Requirement: Copy every record exactly as it stands. Leave the pictures out.

Dataset entries:
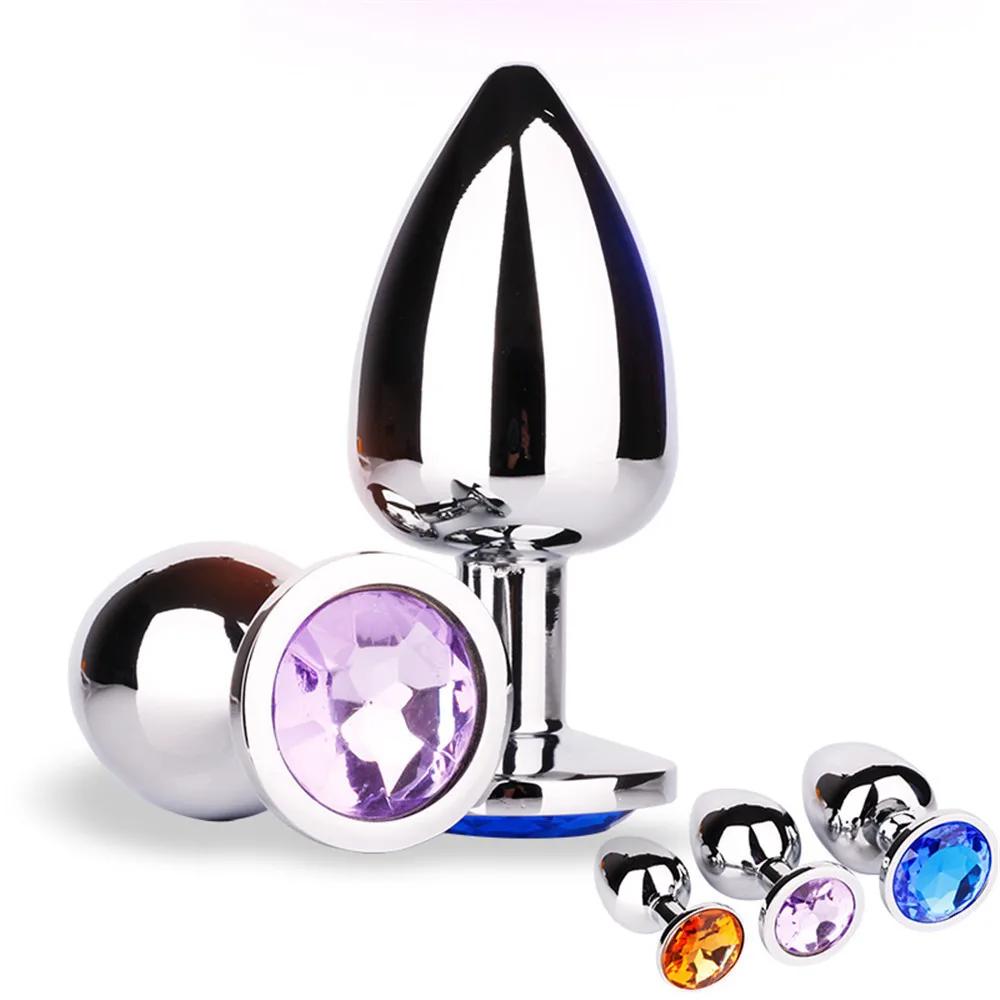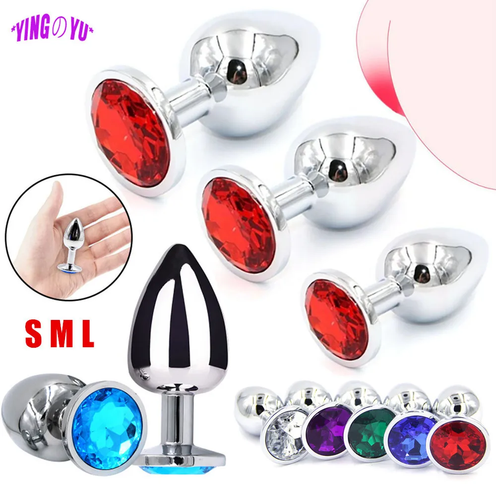 Анальная пробка, интимные игрушки для пар, взрослые из нержавеющей стали, гладкая стальной фаллоимитатор, анальная пробка с кристаллами, ювелирное изделие, Эротические товары Sexshop 18
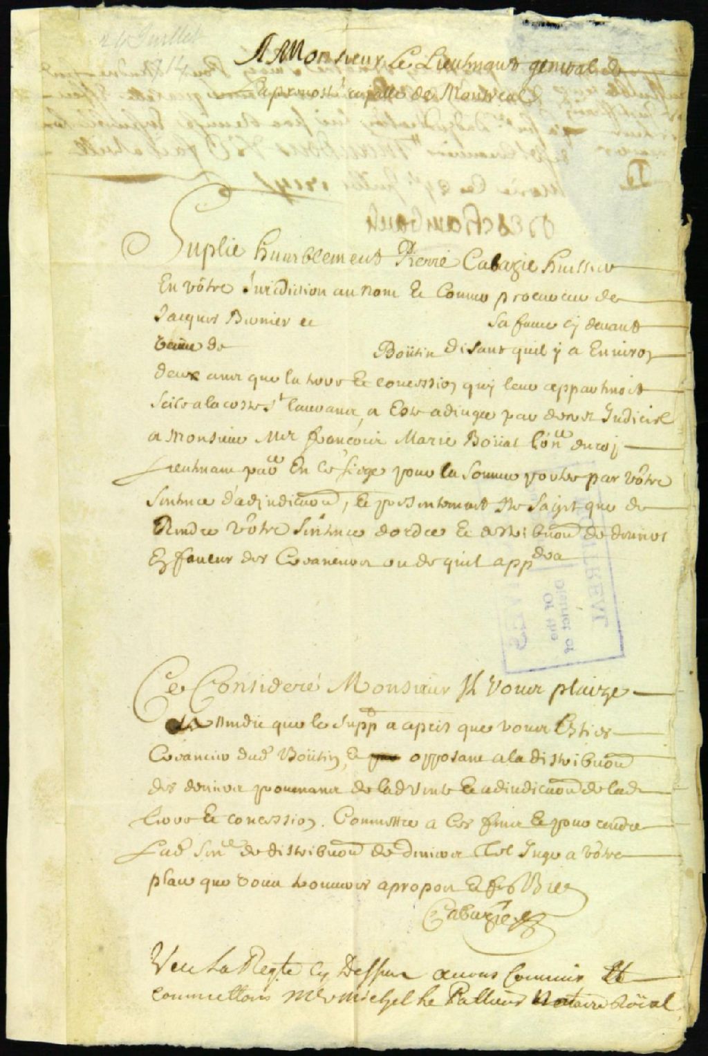 - Ce dossier d'administration judiciaire se compose des pièces suivantes : la requête de Pierre Cabazier en tant que procureur de Jacques Bernier et de sa femme Angélique Greslon, pour que soient distribués à François-Marie Bouat les biens provenant de l'adjudication de leur terre ; et la commission du huissier pour rendre la sentence en question
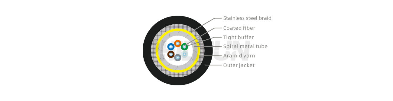 Armored Tactical Cable feature excellent bending resistance, oil resistance and wear resistance. For this reason, armored fiber patch cords are highly suitable for both indoor and outdoor applications, such as network interconnection between two buildings via underground pipelines or direct burial. The armor specifications, fiber types and core counts of this product can be customized to meet specific requirements.
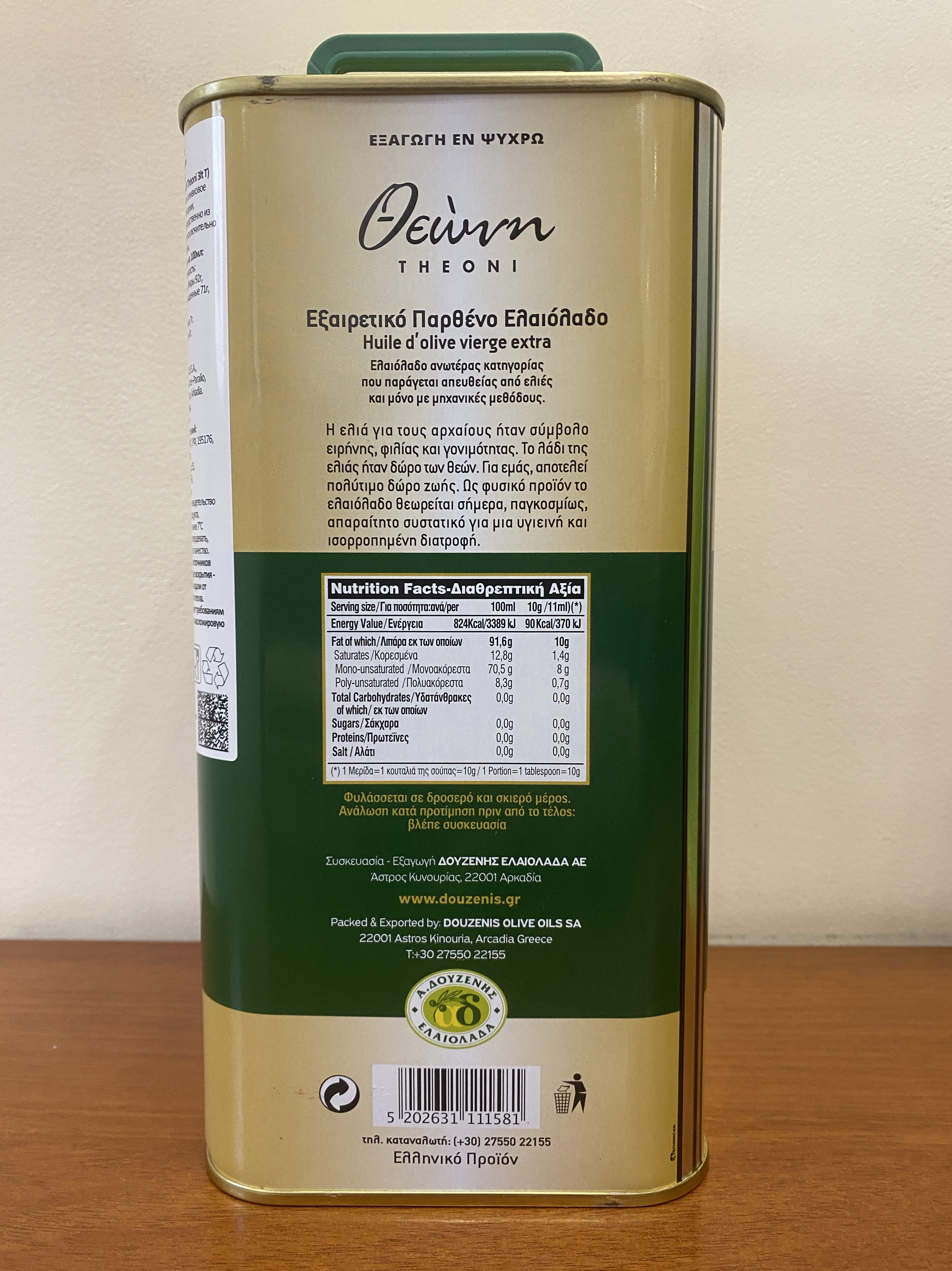 Oливковоe масла производится из ведущих греческих сортов Манаки, Мегарон и Коронейки, выращиваемых в районах Пелопоннеса .
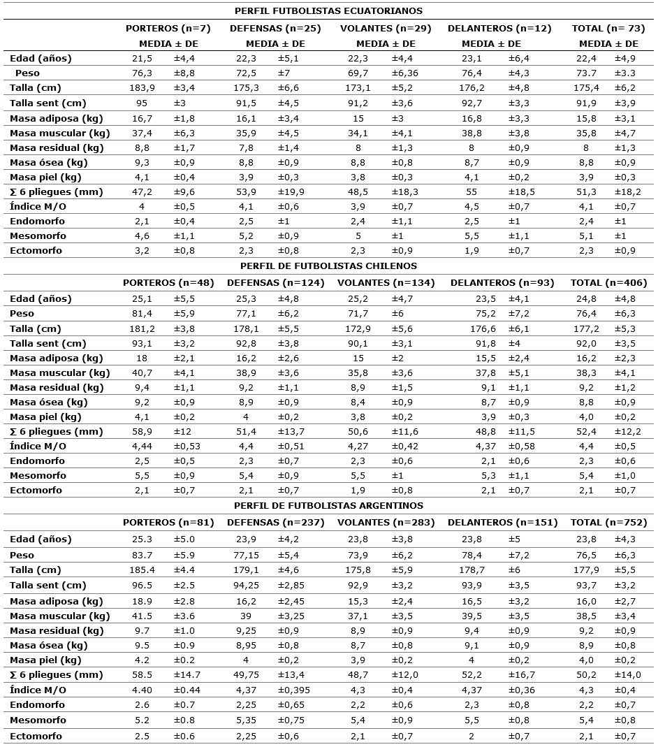 Se revelaron las características antropométricas, composición corporal y somatotitpo de los futbolistas ecuatorianos por posiciones de juego y promedio total. Los datos demostraron que si existen diferencias significativas en distintas variables estudiadas por posiciones de juego. Además, al cotejar el perfil antropométrico del futbolista ecuatoriano con otros grupos internacionales se destaca que difiere en medidas básicas con respecto a los grupos internacionales, presentan menor masa muscular y en relación a la masa grasa, sumatoria de 6 pliegues, índice musculo-hueso y somatotipo existe una similitud muy marcada.
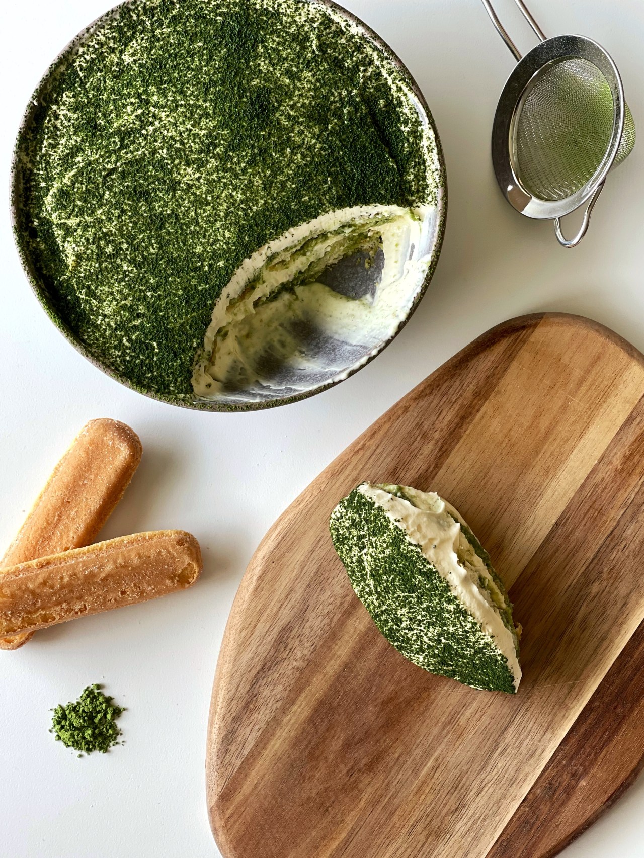 - Dip ladyfinger biscuits into your matcha and layer at the bottom of your serving container.

Reply:
 Анальная пробка, интимные игрушки для пар, взрослые из нержавеющей стали, гладкая стальной фаллоимитатор, анальная пробка с кристаллами, ювелирное изделие, Эротические товары Sexshop 18
 - Ce dossier d'administration judiciaire se compose des pièces suivantes : la requête de Pierre Cabazier en tant que procureur de Jacques Bernier et de sa femme Angélique Greslon, pour que soient distribués à François-Marie Bouat les biens provenant de l'adjudication de leur terre ; et la commission du huissier pour rendre la sentence en question
 Armored Tactical Cable feature excellent bending resistance, oil resistance and wear resistance. For this reason, armored fiber patch cords are highly suitable for both indoor and outdoor applications, such as network interconnection between two buildings via underground pipelines or direct burial. The armor specifications, fiber types and core counts of this product can be customized to meet specific requirements.
 Oливковоe масла производится из ведущих греческих сортов Манаки, Мегарон и Коронейки, выращиваемых в районах Пелопоннеса .
 Se revelaron las características antropométricas, composición corporal y somatotitpo de los futbolistas ecuatorianos por posiciones de juego y promedio total. Los datos demostraron que si existen diferencias significativas en distintas variables estudiadas por posiciones de juego. Además, al cotejar el perfil antropométrico del futbolista ecuatoriano con otros grupos internacionales se destaca que difiere en medidas básicas con respecto a los grupos internacionales, presentan menor masa muscular y en relación a la masa grasa, sumatoria de 6 pliegues, índice musculo-hueso y somatotipo existe una similitud muy marcada.
 - Dip ladyfinger biscuits into your matcha and layer at the bottom of your serving container.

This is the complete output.